PublishedApril 7, 202611 sections

K.O.D.A.

Teaching an LLM New Axioms — The Axiom Installation Problem

Pablo Navarro

Founder & CEO, Vektra Technologies

Director Mocha Marie

AI Director, Vektra Technologies

LLM CognitionAgent MathematicsAxiom InstallationK.O.D.A.Curriculum Systems

Abstract

We present the first experimental trial of teaching a locally-hosted large language model (Gemma 4, 27B parameters, running on consumer hardware) a novel mathematical framework — Agent Mathematics — designed from first principles for computational agents.

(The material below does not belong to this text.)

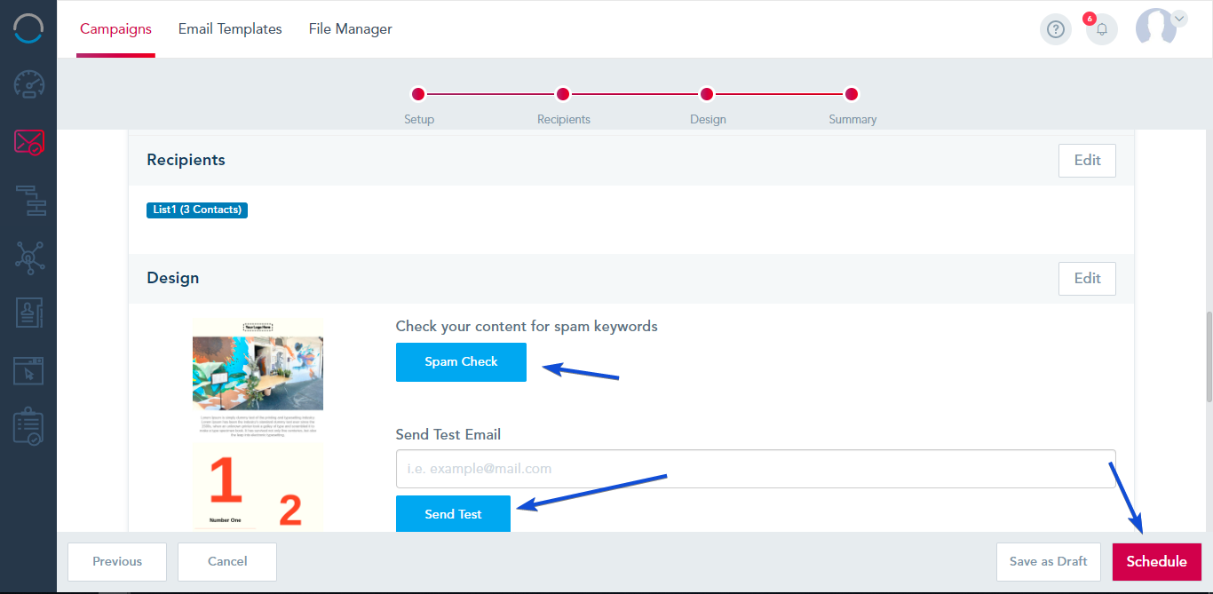 Summary: This is the last step of the campaign where you can review your setup, run a spam check on your campaign and send a draft email to yourself.

The experiment revealed a sharp divergence between an LLM’s ability to summarize new axiomatic content and its ability to reason within that framework when tested. We term this the axiom installation problem: in-context learning enables surface-level comprehension but fails to override pretrained mathematical priors during reasoning tasks.

Introduction

Agent Mathematics is a 37-chapter mathematical framework (127 pages) designed specifically for computational agents. Unlike conventional mathematics — which begins with set theory axioms formalized for human reasoning — Agent Mathematics starts from the premise that an agent’s first mathematical act is distinguishing something from nothing: not as a philosophical exercise, but as a computational necessity.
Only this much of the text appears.